Our household is very happy that Warnock won, and Georgia gets a bit bluer each year. These are historic times, we’re overjoyed to be part of it.
That’s a great question Fugbert (and a great reference). Your real life example of voting for Menendez proves the point.
Anthony Weiner is a bad example. I don’t get too worked up about personal failings if they aren’t relative to their job as a public official (Bill Clinton being the best example). I would vote for Weiner. It would be tougher if the Democrat was Menendez (assuming he was guilty of corruption), or an insurrectionist. I don’t know! Maybe I’d stay home or vote for a libertarian.

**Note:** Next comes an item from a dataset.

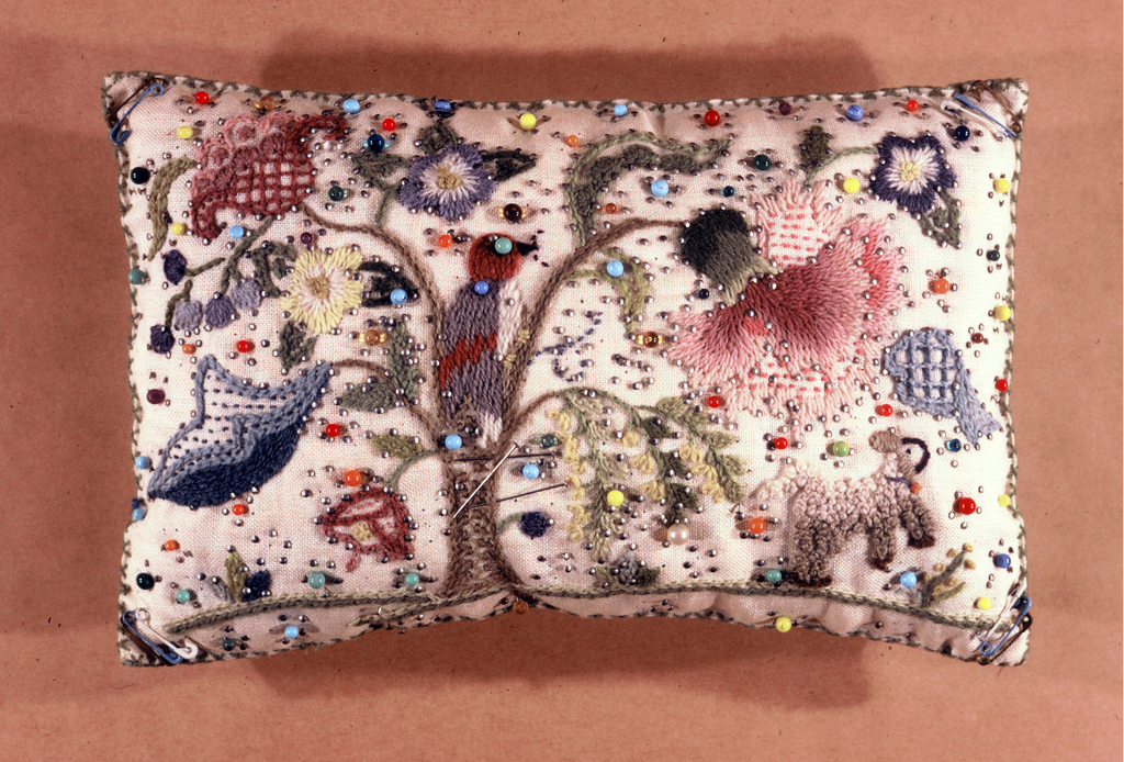 Pin Cushion (Denmark); linen, wool; H x W: 25.5 x 15 cm (10 1/16 x 5 7/8 in.); Gift of Elizabeth Gordon; 1964-35-11

That illustrates perfectly the difference between a nationalized race and a local one. If it was Brian Kemp vs a local scumbag, I’d hold my nose and vote for Kemp. But for the Senate — very hard to cross party lines. Very hard. I dunno!
In the current political climate, it would be hard to find a Democrat I wouldn’t vote for in a national election. I voted for Bob Menendez for Senate despite corruption charges. I would have voted for Fetterman in PA (if I lived in PA) even though I had to turn off his debate within 5 minutes because it was painful to watch him try to communicate. And yes, if Herschel was a D and running against Dr Oz, I probably would have voted for him too.
Here’s a question. Say it was 50-49 Rs over Ds in the Senate with the last seat being decided in a GA runoff, and your state Senate seat was an election between Mitt Romney (assume newly relocated to GA), moderate, qualified, reasonable, accomplished… and Democrat Anthony Weiner, the appropriately named scoundrel who did time for sending dick pics to minors? If Romney wins, McConnell runs the Senate and blocks any Biden Supreme Court nominees. Who do you vote for?
Amen!
Generally, Democrats are comfortable with compromise and Republicans are not. This leads to more extreme candidates on the right than the left. Ideological purity is enough to win a primary. Then more normal Republicans have a hard choice. Vote for their guy however flawed, vote for a Democrat (unspeakable), or just stay home. Many will understandably vote for their guy however flawed and then you get another nutjob in power.
I would vote for a bag of sand over Walker in a heartbeat. So I guess yeah, it’s a partisan election, where you’re voting for what ideas someone is going to support, rather than their particular character. I find it disgraceful that the right continues to run -and support – odious candidates at a far higher rate than the left does. Look at Trump as the perfect example.